Your assignment: Starting at the first line of the entries below, please return exactly each line up to and including the one with "手づかみ食べや小さなものを指先でつまむ練習にもぴったりです。 カルシウム28mg/袋。 着色料・保存料・香料は使用していません。"; pictures stay out.

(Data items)
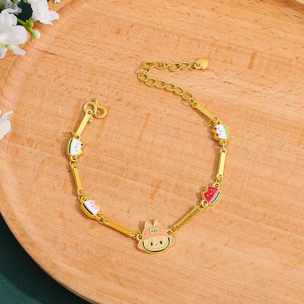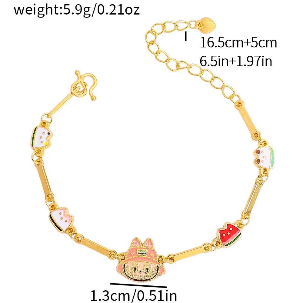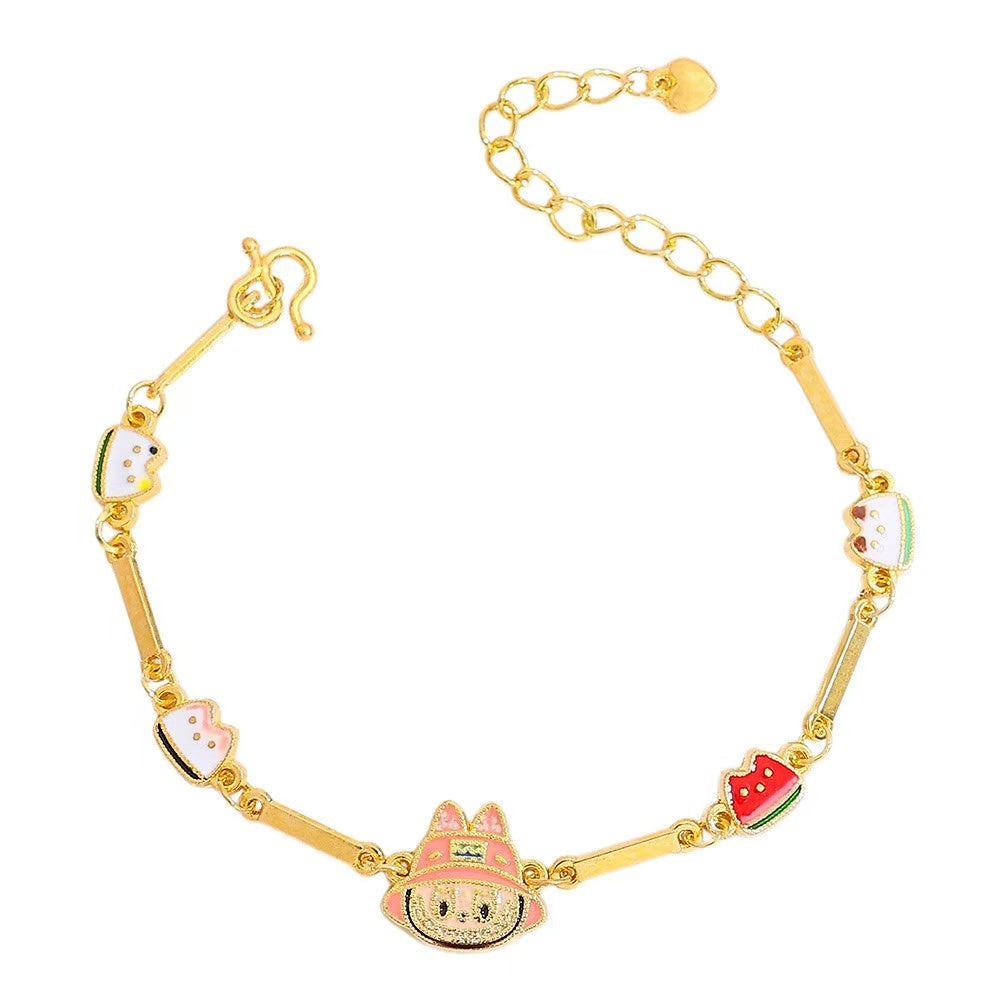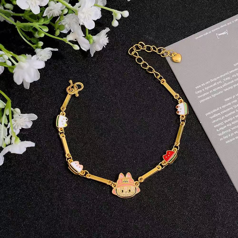 Exquisite gold Labubu cloth bracelet with niche design, light luxury, high-end feel, exquisite temperament, versatile Labubu bracelet
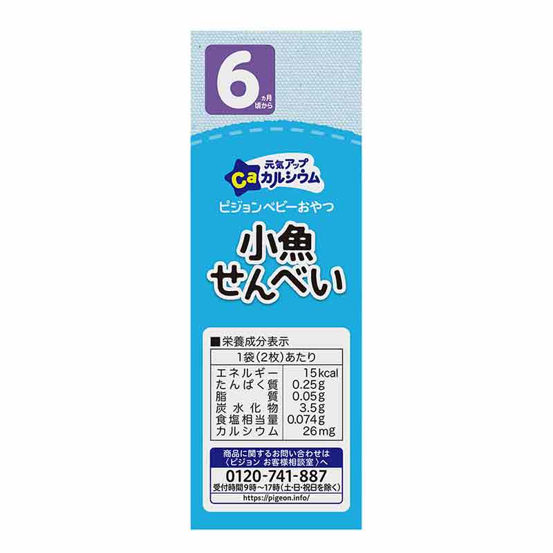 おいしく、楽しく、発育に必要な栄養を補える、ベビーおやつです。 赤ちゃんの手のひらや指先にあわせたサイズ。 手づかみ食べや小さなものを指先でつまむ練習にもぴったりです。 カルシウム28mg/袋。 着色料・保存料・香料は使用していません。
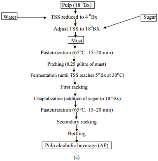 For fermentation, three types of preparations were done (Figure 1): (i) AP: The pulp with TSS (total soluble solids) 18 °Bx was kept in a fermenting glass. Only 3–4% juice was obtained. So, distilled water was added to cover all the pulp where TSS decreased to 4 °Bx. (ii) AMS: After pulping, the beans with the mucilage (TSS 15 °Bx) were collected in the clean and hygienic bucket. Distilled water at 20 °C was added to beans that were kept in fermenting glass jar. (iii) AM: Rapid rubbing by hand for 15–20 min was done to extract the mucilage (TSS 15 °Bx) from beans. For all three preparations, sterilization was done in a water bath at 65 °C for 15–20 min before maintaining the TSS. Distilled water was added to cover mucilage where TSS decreased to 9 °Bx. The TSS was raised to 18 °Bx for all musts before fermentation. The must (100 mL) was taken and heated to lukewarm temperature (35–40 °C). Wine yeast (Saccharomyces cerevisiae) at the rate of 0.25 g dry yeast/L of must was added. It was stirred until the effervescence of CO2 appeared. Then pitching was carried out. The musts were fermented in separate bottles fitted with air-locked corks until the TSS reached 5 °Bx. After the completion of fermentation, fermented juices for each sample were separated from the residues and table sugar was added to 10 °Bx for flavoring purposes. The beverages were allowed to settle for 2 days, siphoned through sterilized polyethylene pipes in clean sterilized bottles and pasteurized in a water bath at 65 °C for 15–20 min [21]. AP, AM, and AMS were aged at 4 °C for 15 days before analyses of chemical and sensory parameters.
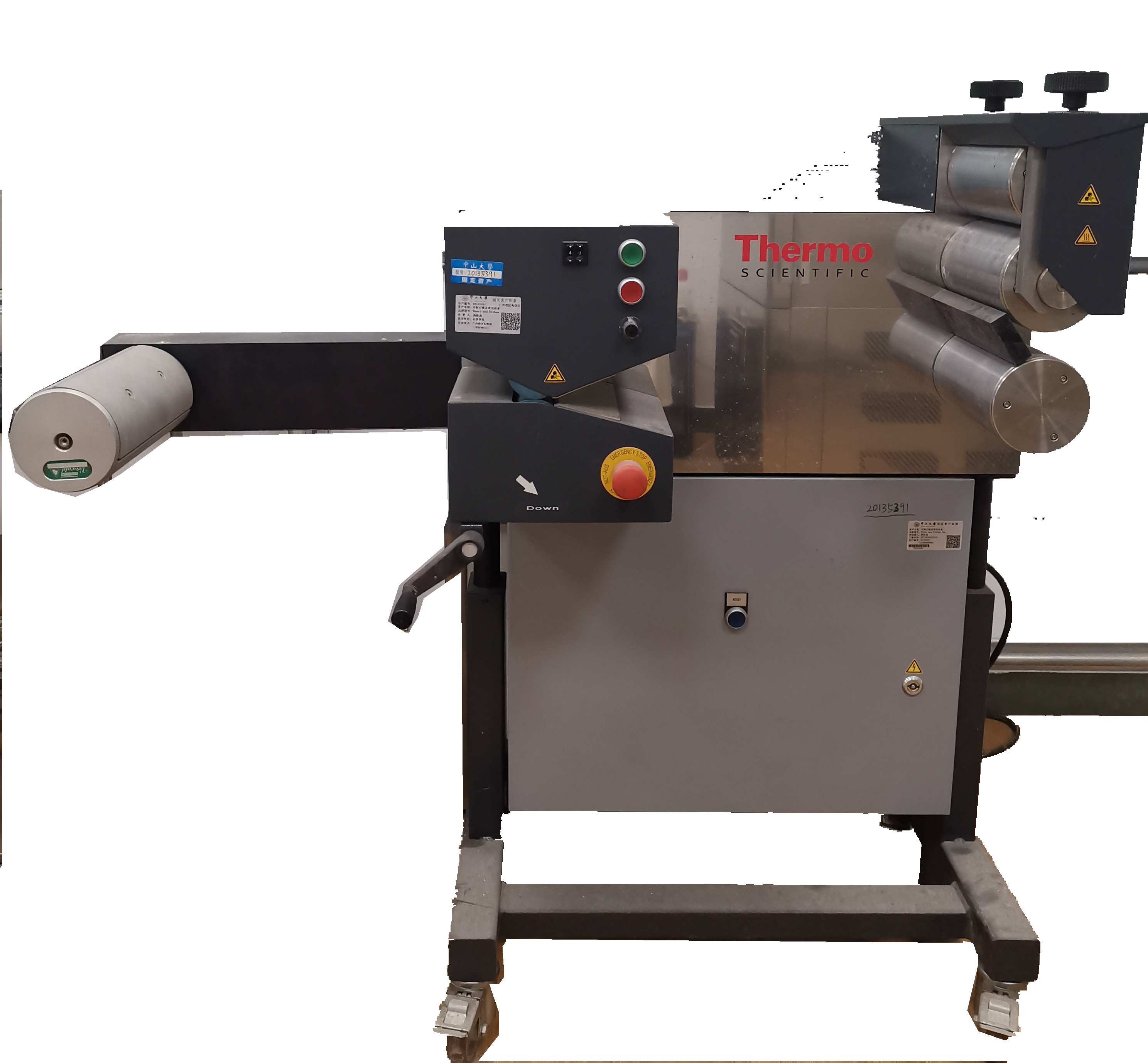 | 主要参数 牵引速度:0-10m/min,200℃辊子直径:110mm,辊子宽度:200mm; 辊子表面 镀铬——高度抛光; 最高温度 200℃,脱离速度:0—10m/min; 主电源:220V+/-10%, 50-60Hz,最大电流 6A; 尺寸(长/ 宽 /高):570/1130/720mm; 重量 165Kg。 |
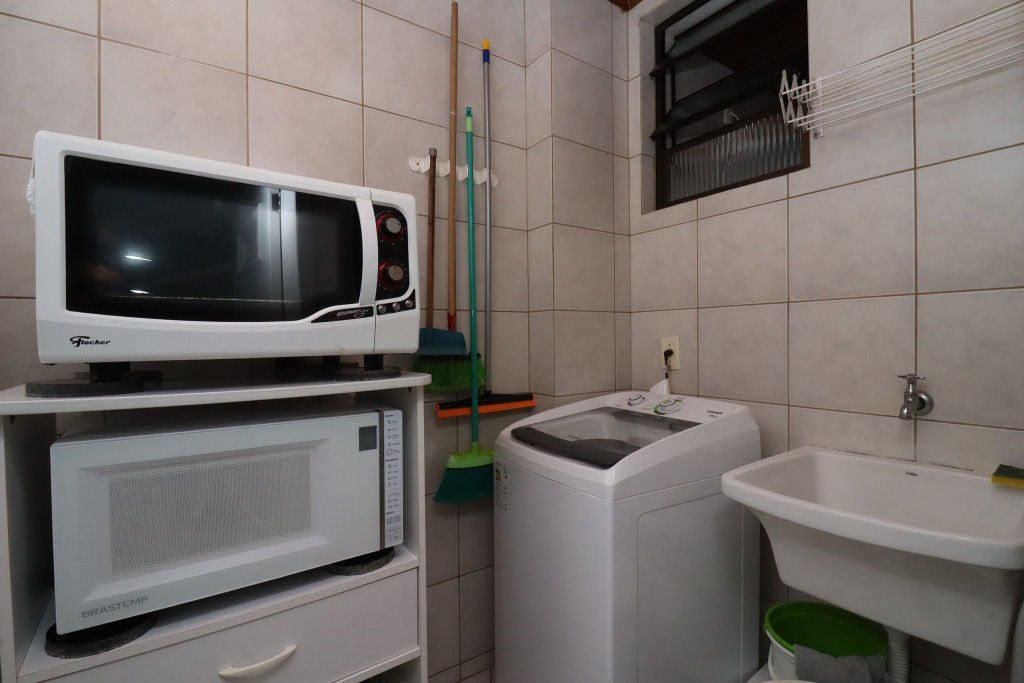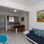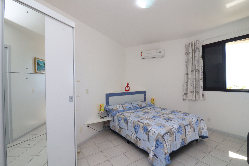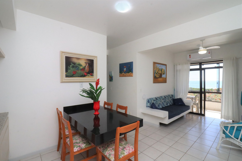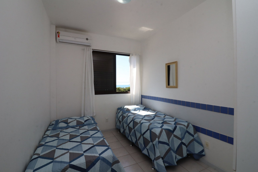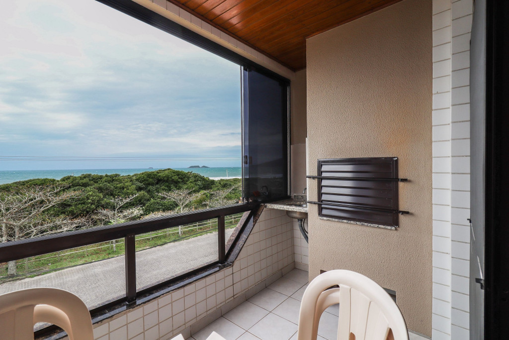 Belo apartamento, à 30 metros da praia, composto por dois dormitórios, sendo uma suíte com cama de casal e ar-condicionado, um quarto com duas camas de solteiro, cama auxiliar e ar-condicionado, banheiro social, sacada com churrasqueira e pia, vista para o mar, cozinha completa, área de serviço com máquina de lavar, tanque e varal.
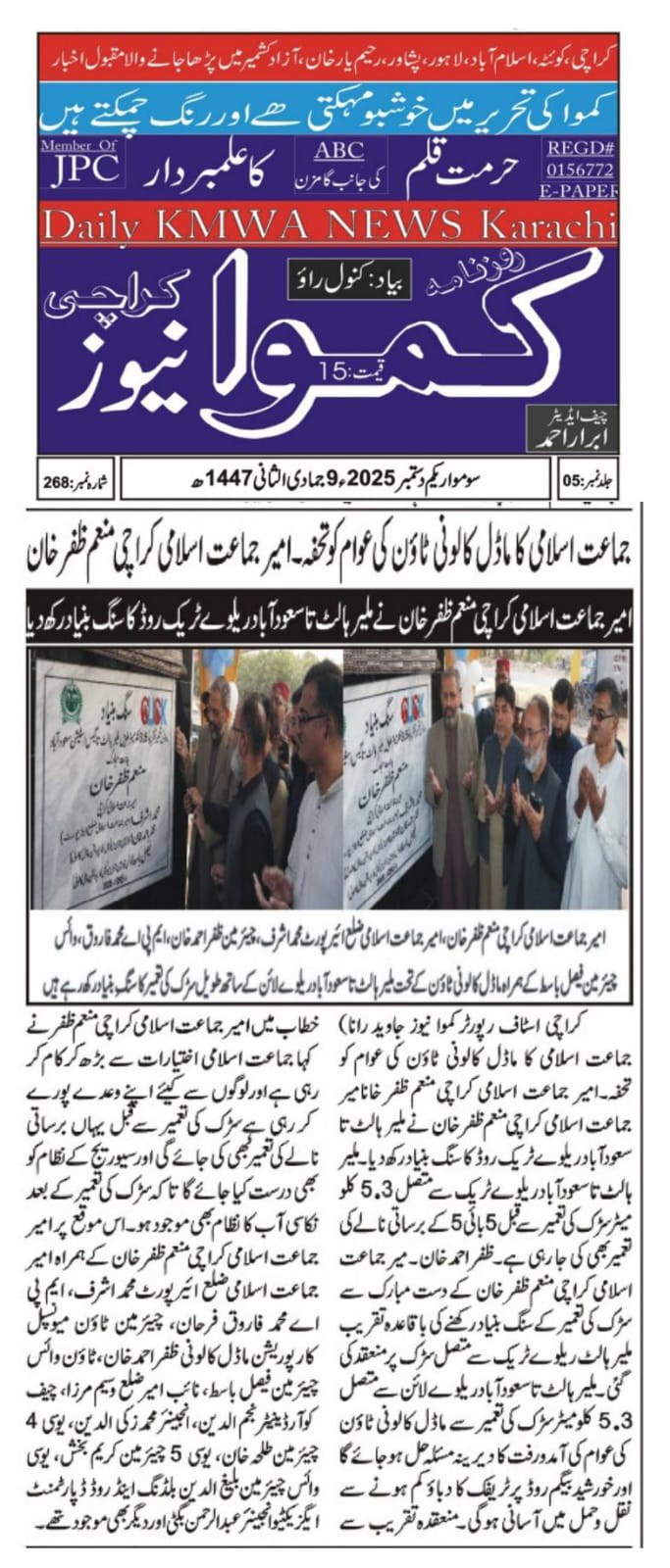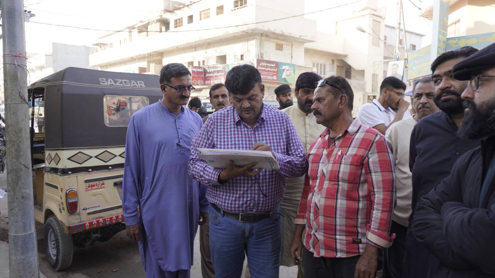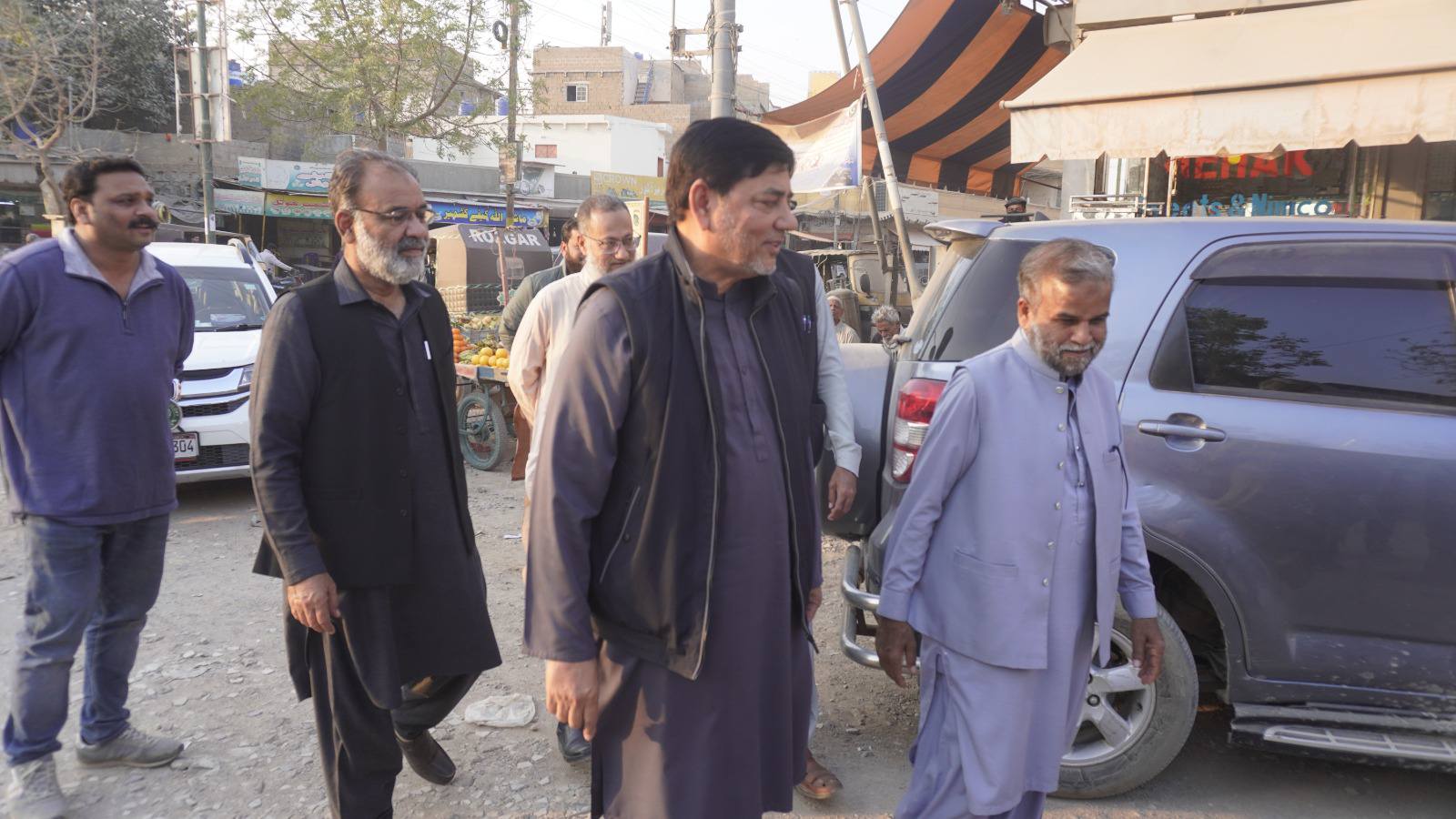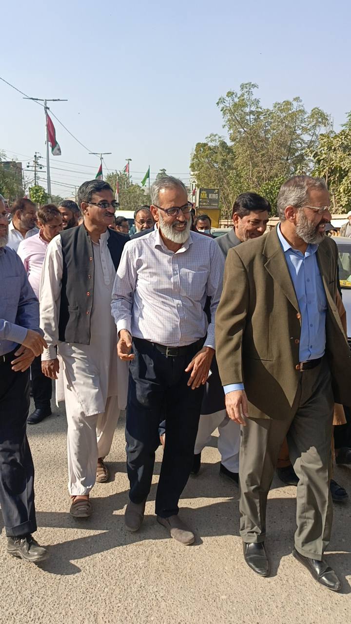 ٹاؤن چیئرمین ظفر احمد خان، یوسی 1 چیئرمین و جنرل سیکریٹری جماعت اسلامی کراچی توفیق الدین صدیقی، ٹاؤن میونسپل کمشنر سید امداد علی شاہ، ٹاؤن وائس چیئرمین فیصل باسط کا سیکیورٹی پرنٹنگ پریس تا ملیر ہالٹ روڈ کا دورہ۔

Result below:
 Exquisite gold Labubu cloth bracelet with niche design, light luxury, high-end feel, exquisite temperament, versatile Labubu bracelet
 おいしく、楽しく、発育に必要な栄養を補える、ベビーおやつです。 赤ちゃんの手のひらや指先にあわせたサイズ。 手づかみ食べや小さなものを指先でつまむ練習にもぴったりです。 カルシウム28mg/袋。 着色料・保存料・香料は使用していません。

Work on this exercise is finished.